Sur le fond de la réforme, Cyril Chabanier retient "une mesure forte dans ces annonces qui est le recul de l'âge légal à 64 ans". Il reconnaît une "énumération de toute une série de mesures qui entourent ce report de l'âge légal". Il salue notamment le fait de "reconnaître les droits familiaux, le fait que les congés maternité ou les aidant soient reconnus", des mesures "qui vont dans le bon sens" et que la CFTC avait défendues. Mais elles ne sont que "des petites mesurettes qui ne cachent pas l'arbre de la forêt qui est vraiment cette mesure très forte, injuste et pas nécessaire de reporter l'âge légal"

Décisions "pragmatiques et responsables" d'après le Medef

Dans un communiqué publié après la présentation de la réforme, le Medef salue en revanche des " décisions pragmatiques et responsables" prises par le gouvernement.  " Assurer l'avenir de ce pilier du modèle social du pays, tout en maintenant le pouvoir d'achat des actifs et des retraités, conduit nécessairement à travailler plus longtemps", estime l'organisation. 

Seule ombre au tableau pour les patrons, le maintien d'un "index senior" pour les entreprises de plus de 50 salariés, qui devront publier la part de leurs salariés âgés. Le Medef réaffirme son " opposition au principe". 

La CPME salue une réforme "totalement indispensable"

" Du côté des petites entreprises, on en a plus que soupé ces derniers temps. Il faut prendre en compte ceux qui ont envie de travailler", a déclaré Jean-Eudes du Mesnil du Buisson, secrétaire général de la Confédération des petites et moyennes entreprises (CPME), qui salue " une réforme qui ne fait plaisir à personne mais qui est totalement indispensable". Le responsable se dit " très heureux pour les indépendants, les commerçants et les artisans, qui pourront bénéficier d'une retraite minimale à 1 200 euros mensuels".

Face à l'appel intersyndical à une première journée de grève et de manifestations le 19 janvier, le secrétaire général dit espérer que " les mouvements sociaux n'aboutiront pas à un blocage de l'économie". 

"La conséquence sera un grand désordre social", prévient la CFE-CGC 

"J'invite Emmanuel Macron à ne pas s'obstiner", lance mercredi 11 janvier sur franceinfo François Hommeril, président de la CFE-CGC, qui représente les membres de l’encadrement. Pour la première fois depuis une décennie, tous les principaux syndicats de salariés en France défileront derrière la même bannière, jeudi 19 janvier. "C'est un signal important, le gouvernement devrait y être sensible", alerte-t-il.

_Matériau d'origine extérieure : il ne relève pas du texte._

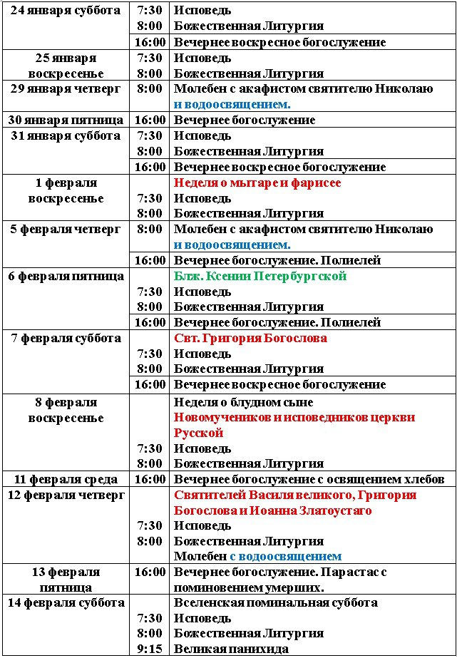 Расписание богослужений | С 1 по 14 февраля | Свято-Николаевский храм в Приморском р-не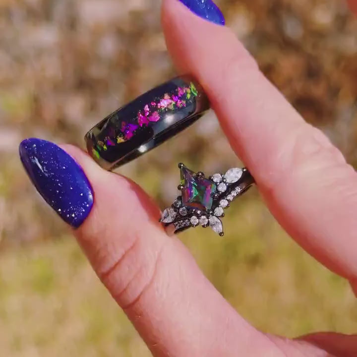 His and Her Mystic Topaz Galaxy Ring Set, Cass Supernova, Black Engagement Ring Set, Unique Couple Ring, Alternative Wedding Ring, Engraving
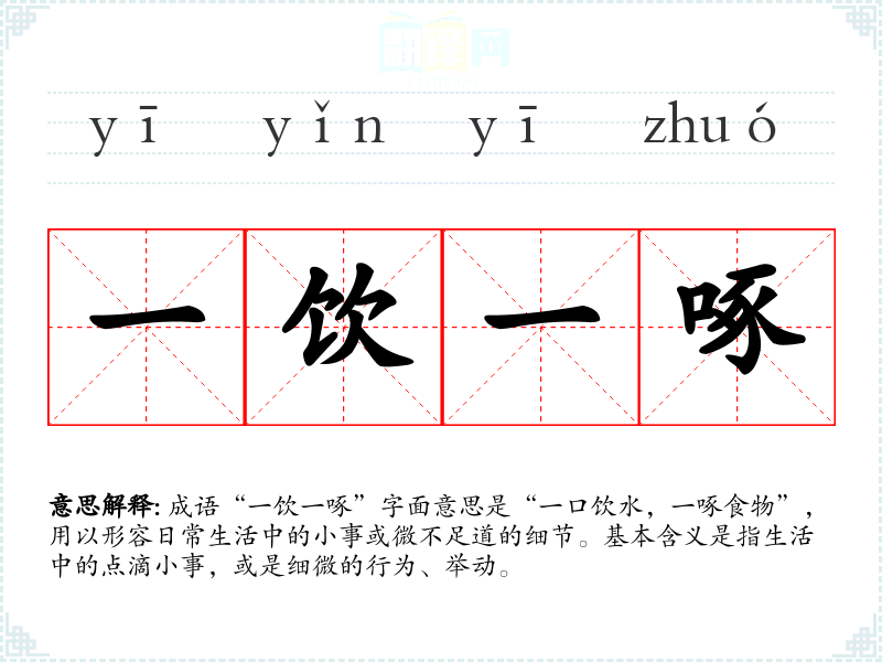 成语“一饮一啄”字面意思是“一口饮水,一啄食物”,用以形容日常生活中的小事或微不足道的细节。基本含义是指生活中的点滴小事,或是细微的行为、举动。

Il "est possible" que ce soit la première journée de mobilisation d’une longue série, "la balle est quand même un peu dans le camp du gouvernement", ajoute-t-il. François Hommeril reste fermement opposé au report de l'âge légal à la retraite de 62 à 64 ans, "même si le gouvernement revient vers nous et dit finalement, 'ce sera 63 ans'". Pour le syndicaliste, c'est l'idée même de décaler l'âge légal de départ à la retraite "qui rend la réforme inacceptable".

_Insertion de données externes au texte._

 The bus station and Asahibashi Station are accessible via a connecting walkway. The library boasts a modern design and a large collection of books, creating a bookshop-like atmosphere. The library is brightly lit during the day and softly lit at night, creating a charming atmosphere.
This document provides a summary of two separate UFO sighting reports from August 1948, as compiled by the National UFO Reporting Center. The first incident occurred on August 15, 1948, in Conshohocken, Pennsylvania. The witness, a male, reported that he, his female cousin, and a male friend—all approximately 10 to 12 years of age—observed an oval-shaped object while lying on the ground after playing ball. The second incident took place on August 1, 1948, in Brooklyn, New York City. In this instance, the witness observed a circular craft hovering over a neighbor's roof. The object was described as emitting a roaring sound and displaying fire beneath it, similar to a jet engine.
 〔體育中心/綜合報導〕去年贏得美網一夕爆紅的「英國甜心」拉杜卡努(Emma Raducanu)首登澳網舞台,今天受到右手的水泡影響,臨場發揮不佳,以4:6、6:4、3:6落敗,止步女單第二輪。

L'intersyndicale restera "unie dans la durée", prévient l'UNSA

"Je n'ai jamais vu une telle unité entre" les syndicats, se félicite ce mercredi mercredi 11 janvier sur franceinfo Dominique Corona, secrétaire général adjoint de l'Unsa. Il assure que l'Intersyndicale "est extrêmement soudée" et restera "unie sur la durée" contre cette réforme des retraites qualifiée "d'injuste et d'injustifiable".

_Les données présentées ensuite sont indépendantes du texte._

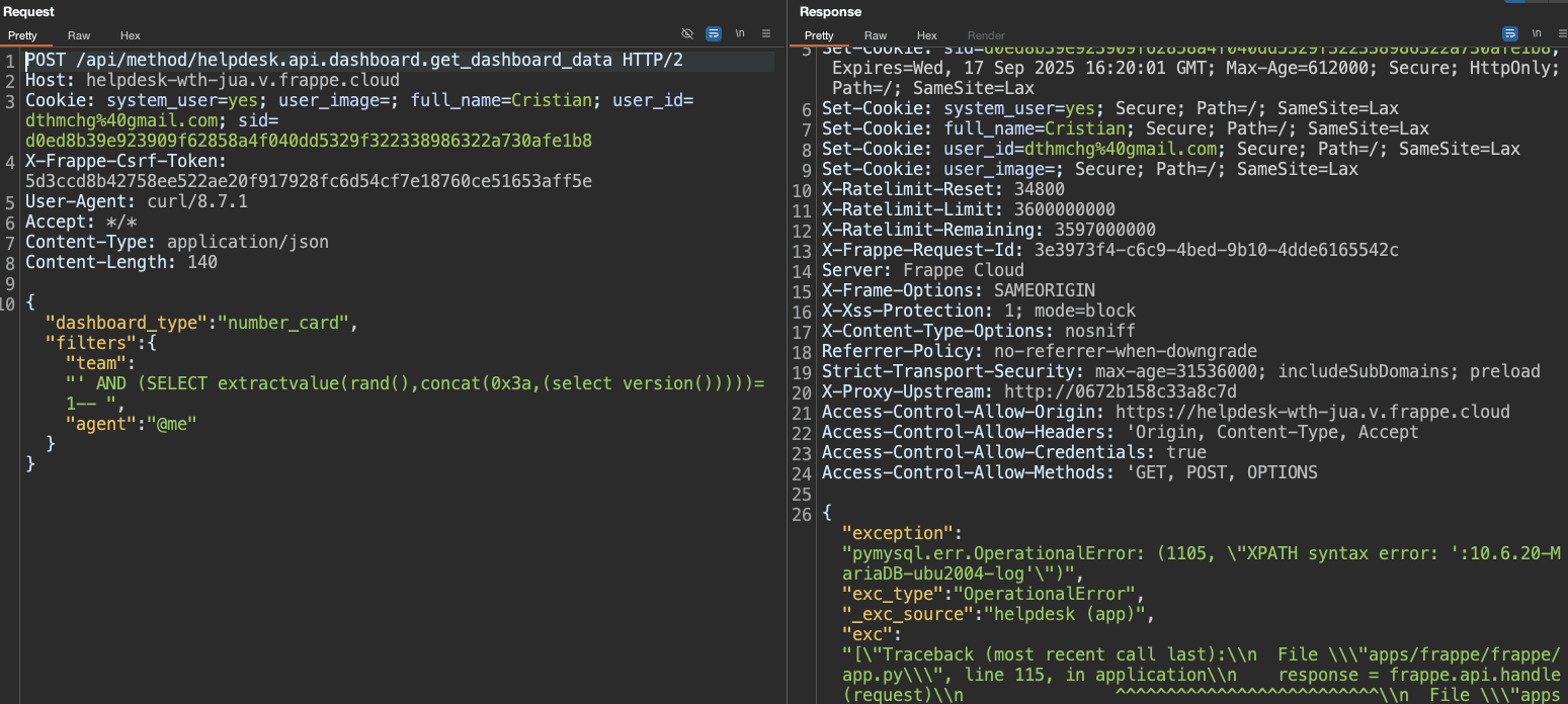 Frappe Helpdesk 1.14.0 — SQL Injection in dashboard “get_dashboard_data” endpoint (filters.team)

Dominique Corona promet qu'il "y aura d'autres journées" de mobilisation outre celle déjà annoncée du 19 janvier. Il évoque de possible "mobilisations sur les marchés, des pétitions ou des marches aux flambeaux". "Tout sera sur la table et nous allons favoriser tout type de mobilisation afin que le gouvernement comprenne qu'il ne pourra pas gagner et que cela laissera des traces profondes", ajoute le secrétaire général adjoint de l'Unsa.